The ASCEND team targeted those patients and invited them via mail to participate in the study. The rest of the study was also conducted through snail mail; participants were sent new treatments through the mail and were followed-up with via mail and central registries. Ultimately, the trial followed more than 15,000 patients for an average of seven years and cost just $13 million.
3. A centralized system might help solve recruitment issues.
As shown in the ASCEND trial, streamlined recruitment with help from the NHS enabled researchers to conduct their trial at a lower cost and in an ideal set of patients. Identifying patients on a day-to-day basis as they present with disease is a slow process, Thomson and colleagues said, so the idea of a single system streamlining that process is attractive.

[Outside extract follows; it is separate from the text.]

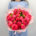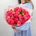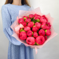 Букет из розовых и белых пионов в упаковке

The authors said the consolidated nature of the NHS allows researchers to easily link their data to routine health records, reducing and in some cases even eliminating the need for costly, active follow-up.
“With careful planning and execution, the NHS’s health information system is being harnessed to conduct trials at a larger scale, more rapidly, at lower cost and with potentially longer follow-up than would otherwise be possible,” Thomson et al. wrote. “If the movement toward a single-payer healthcare system in the United States gains traction, its possible consequences are worth serious consideration. If lessons from the United Kingdom are any indication, the possibilities for medical research, at least, are promising.”